Re: I don't see the end of it...
Thank you for the encouragement. I really appreciate it.
This morning was rough, as I was feeling really hopeless. I even had suicidal thoughts, but after talking to my mom on the phone, I realized I couldn't do it to her... I started reading this forum again, as I did when I first found it a couple of years ago, I suddenly felt the strength within to go on and continue this fight... It's just been going on for too long. I had digestive problems as long as I remember. But the worst was yet to come. The bad odor started over 3 years ago. I remember that day very well. It was my first day in class, in college. Although I get a lot of compliments about being attractive, I struggled with self-image for the whole semester untill I failed the class and had to take a break for 8 months untill the next round of the program I was enrolled in started... I used that time to research about my problem and found this forum and Humaworm. My then boyfriend wasn't very supportive and didn't take the whole thing seriously... He even told me I made the whole thing with odor and parasites up. But I saw it on other people's faces, they could smell it.
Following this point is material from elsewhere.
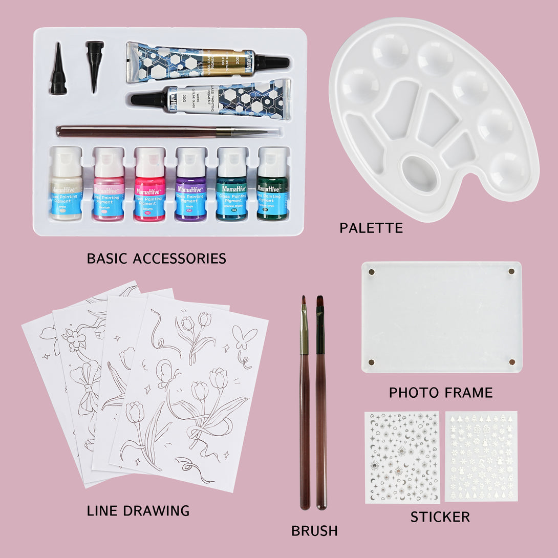 Bring the joy of spring into your home with MamaHive’s Tulip 6-Color Glass Painting Kit. Carefully curated shades let you create beautiful tulip designs on glass surfaces.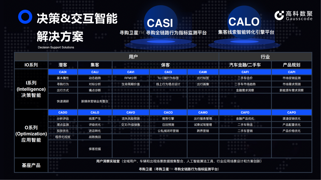 其中,消费者寻购行为监测指数平台(CASI)和线索转化到店智能引擎(CALO)成为决策智能平台、交互智能解决方案平台的典型代表。

Alcohol seams to trigger it the worst. If I have a drink, it either starts immediatelly or around midnight and continues through-out the night untill about 9-10 am or until I have a breakfast... It's very embarassing especially in a romantic setting. I tried to eliminate the alcohol for a few weeks, but it doesn't eliminate the odor, it just makes it less "stinky". Alcohol abstinency has greater social effect on me then I'd like it to have. It's such a social thing. My boyfriend loves taking me out to gourmet restaurants, bottle of wine is a must, it's part of the fine dining culture... I just want to have the sense of normalcy every 29 year old single girl has... I want to go on dates and not have to explain why am I not drinking, or be tense over the fear of the odor coming... It really lowered my quality of life... I get depressed and tired of it all, my concentration and memory is poor, I have acne on my back, white-heads and boils which leave scars and brown spots. I don't look healthy and envy people that radiate and look fresh and yummy smelling... I lost that... I think it happened on my trip to Juarez Mexico, where I didn't realize what consequences poor hygiene can have... Ever since I returned form that trip, my digestion wasn't the same. It started with (from what I know now) the classic signs: indigestion and itchy anus, crawling feeling in the whole body, including head, night sweats, nightmares, constipation, heart burn... It slowly progressed to skin problems, migranes, nausea, alcohol intolerance, constant flatulence, and finally most bothersome - BO... I can deal with everything else, but BO has really got me down... I want to meet the Mr Right, my bio clock is ticking, but with this problem it is not a good idea to be thinking of starting a family. I won't have anyone to start family with, I feel like a scunk, scarrying away potential mates... It's very difficult to live with myself at this point...
I am very embarassed to talk about my problem with my boyfriend. I know it would be beneficial for him to go on Humaworm regardless of the situation. I just don't know how to tell him and I am very scared of his reaction. Our relationship was going so well, it just felt right since the beginning...but now it is in ruins...I can feel hostility from him and silent outrage, although he never directly approached me with it... he mentioned that he would like to be notified if I felt his hygiene was inadequate... He was trying to start the conversation, but it would just be too humiliating for me to start explaining to him my theory of parasitic infestation and possibility of contaminating him... I went through that once already only to be looked at as a crazy person. Should I wait for him to ask me? I think he is too polite, that he would just break up with me giving me a lame reasoning, before he would in any way offend me by being blunt and open...
Sorry again for the longastic post. No one is probably going to read it in its entirety. It just feels in some way liberating putting thoughts into words and hoping someone will understand...
Thank you for reading...
Good luck to all here in this community who are also looking for answers and solutions. I hope it works out for you as well as it will for me.